In-Between peut employer 30 à 40 personnes par unité locale. “Le siège de notre entreprise se trouve à Bruxelles, précise Philippe Detheux. C’est un peu contradictoire, car la jacinthe d’eau n’a pas encore atteint la Belgique. C’est là que se trouvent la direction, le marketing, la recherche et le développement. Nous espérons employer à terme une quinzaine de personnes en Belgique.”
Le financement
Jusqu’à présent, la croissance d’In-Between a été principalement rendue possible par les traditionnels friends, family and fools. “La première ‘folle’, c’est moi, s’amuse Rebeka Bahadorani. Mais nous avons beaucoup d’expertise industrielle parmi nos actionnaires et les membres du conseil d’administration, comme Henri-Jean Velghe, directeur chez Bekaert.”

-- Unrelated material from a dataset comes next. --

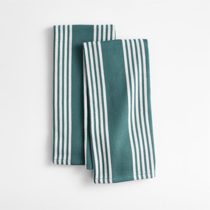 Cuisine Green with White Stripe Organic Cotton Kitchen Towels, Set of 2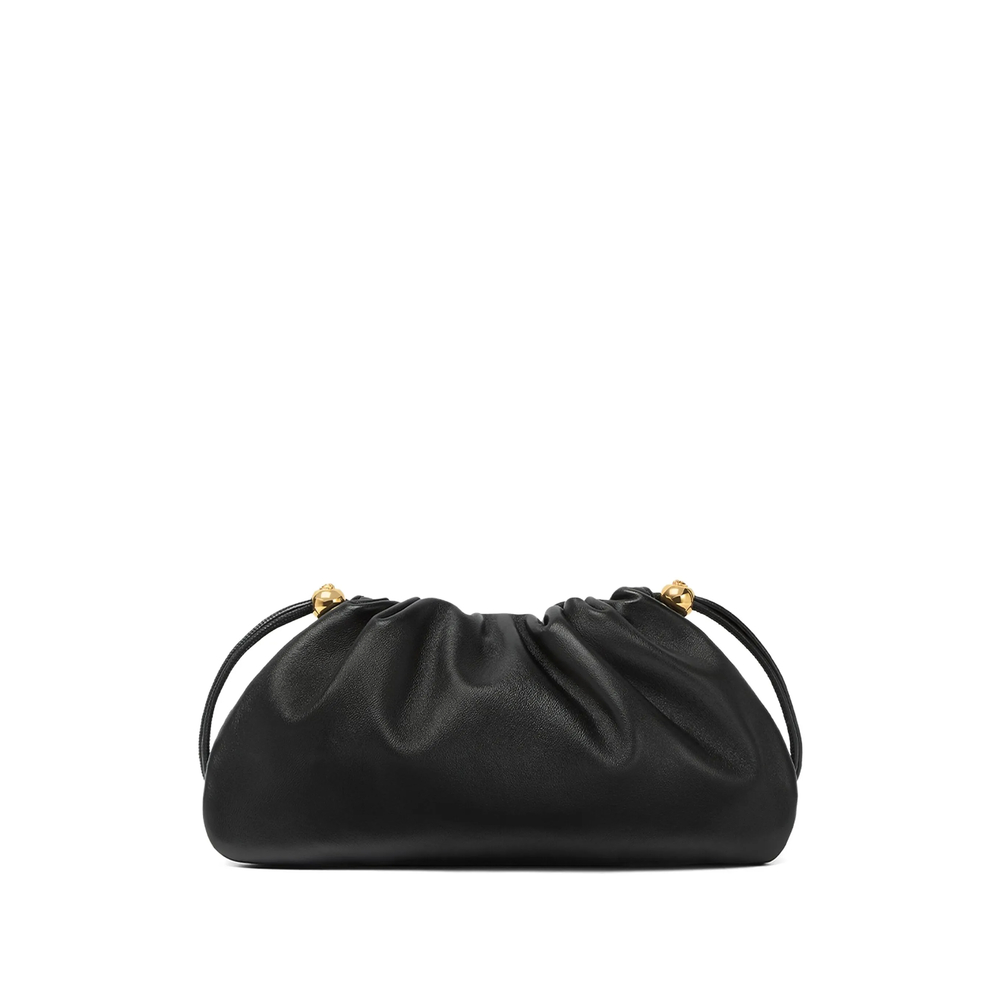black drawstring closure gold-tone hardware gathered detailing embossed logo

Nous avons beaucoup d’expertise industrielle parmi nos actionnaires et les membres de notre conseil d’administration.” – REBEKA BAHADORANI
Un autre nom notable est celui du président du conseil d’administration, Bessel Kok, fondateur de Swift et ancien CEO de Belgacom. “Je connais Bessel depuis des années, précise Rebeka Bahadorani. Il a été mon premier client lorsque je travaillais encore comme architecte d’intérieur. Il m’a soutenu tout au long de ma carrière, c’est mon mentor. Lorsque je lui ai expliqué mes projets avec In-Between, il a tout de suite été enthousiaste.”
Pour financer sa croissance, la société est à la recherche de nouveaux investisseurs. “Nous visons environ 15 millions d’euros, indique Philippe Detheux. Pour pouvoir nous développer aux Etats-Unis à partir de 2025, parce qu’avec un seul site, nous n’allons pas résoudre le problème de la Louisiane. Une fois ce problème résolu, nous voulons développer nos activités en Europe à partir de 2026. Le Portugal et l’Espagne sont également confrontés à ce fléau.””Nous nous attaquons à un problème qui n’existe pas en Belgique, reconnaît Rebeka Bahadorani. Nous ne fournissons pas non plus d’emplois importants en Belgique et ne visons pas spécifiquement le marché belge. Mais nous sommes à la recherche d’investisseurs qui veulent avoir un impact, qui croient en notre mission et qui regardent au-delà des frontières nationales. Je suis sûr que notre histoire peut convaincre les gens.”